>>>
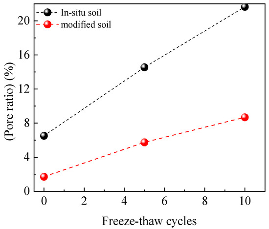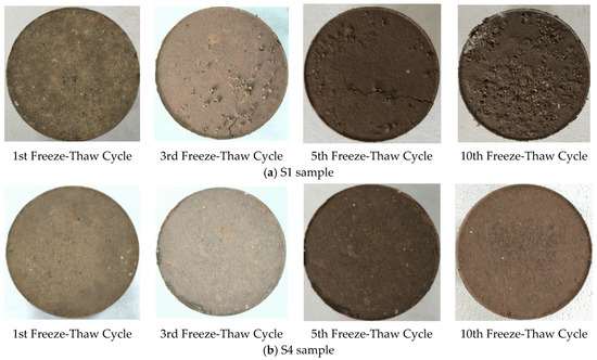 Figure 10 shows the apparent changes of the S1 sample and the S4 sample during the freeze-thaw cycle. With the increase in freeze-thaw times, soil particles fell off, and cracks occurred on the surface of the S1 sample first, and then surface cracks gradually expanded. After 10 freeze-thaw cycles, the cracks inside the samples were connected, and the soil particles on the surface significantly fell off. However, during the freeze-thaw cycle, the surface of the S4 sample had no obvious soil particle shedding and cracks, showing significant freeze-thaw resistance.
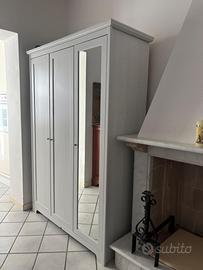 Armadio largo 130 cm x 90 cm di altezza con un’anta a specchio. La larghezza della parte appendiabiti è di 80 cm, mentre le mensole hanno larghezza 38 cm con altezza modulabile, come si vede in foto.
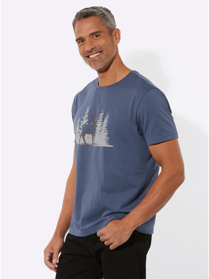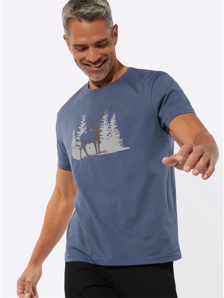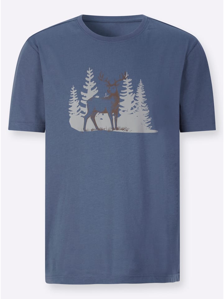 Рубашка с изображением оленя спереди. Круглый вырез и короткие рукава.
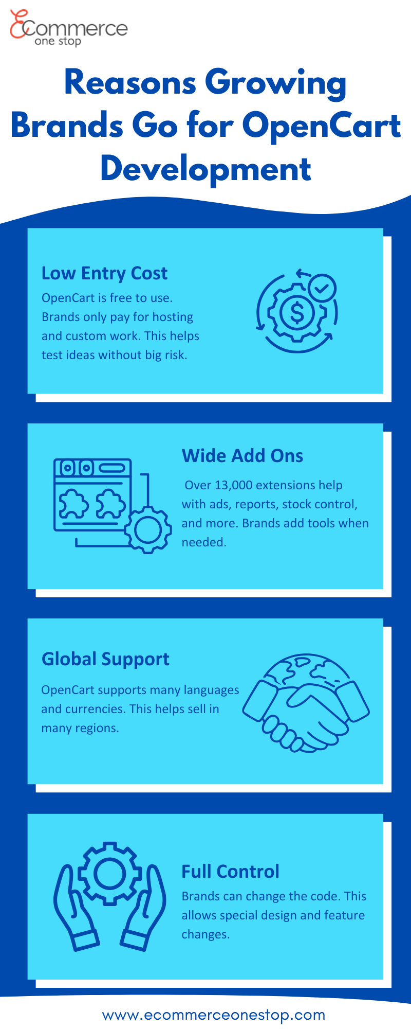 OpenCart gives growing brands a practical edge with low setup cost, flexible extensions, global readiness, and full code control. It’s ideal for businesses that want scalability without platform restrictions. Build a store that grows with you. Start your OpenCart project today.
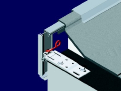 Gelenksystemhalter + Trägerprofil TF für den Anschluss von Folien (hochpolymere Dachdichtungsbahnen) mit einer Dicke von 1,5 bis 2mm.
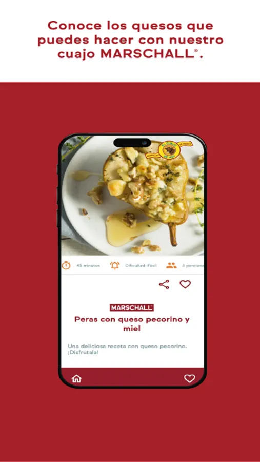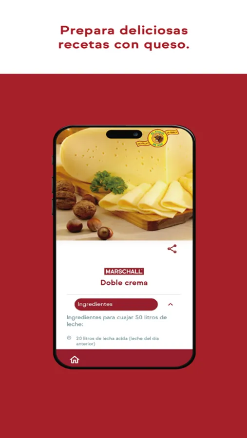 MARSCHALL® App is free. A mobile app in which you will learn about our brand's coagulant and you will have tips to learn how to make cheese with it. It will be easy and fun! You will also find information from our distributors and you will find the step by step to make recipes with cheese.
<<<
>>>
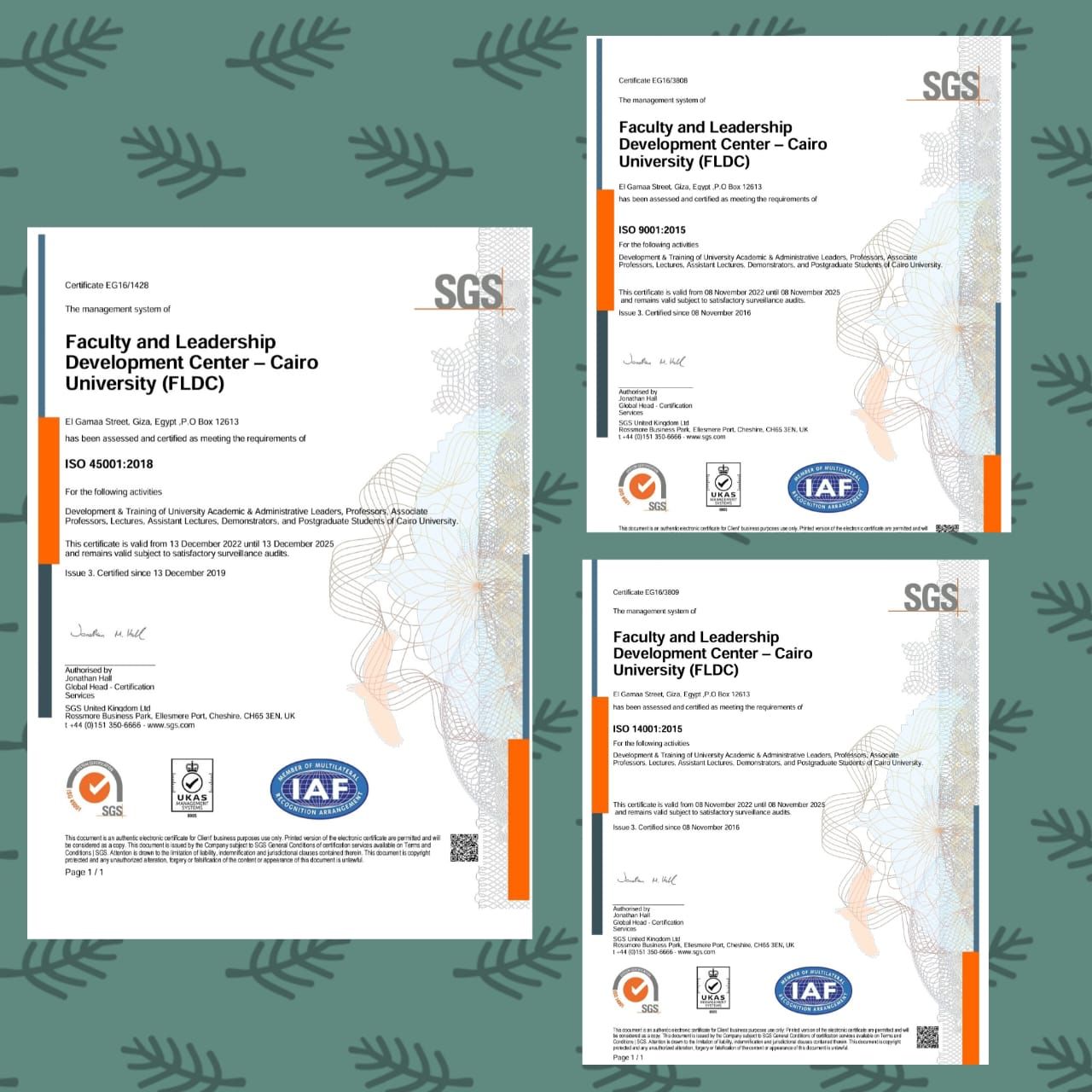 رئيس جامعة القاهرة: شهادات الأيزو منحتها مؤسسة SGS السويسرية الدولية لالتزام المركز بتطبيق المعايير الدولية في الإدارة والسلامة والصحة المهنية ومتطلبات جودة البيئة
<<<
Work to complete
Exactly the lines above, from the one containing "Gelenksystemhalter + Trägerprofil" down to the one containing "MARSCHALL® App is", are to be repeated, including both ends. Pictures are not part of the copy.

Output
 Gelenksystemhalter + Trägerprofil TF für den Anschluss von Folien (hochpolymere Dachdichtungsbahnen) mit einer Dicke von 1,5 bis 2mm.
 MARSCHALL® App is free. A mobile app in which you will learn about our brand's coagulant and you will have tips to learn how to make cheese with it. It will be easy and fun! You will also find information from our distributors and you will find the step by step to make recipes with cheese.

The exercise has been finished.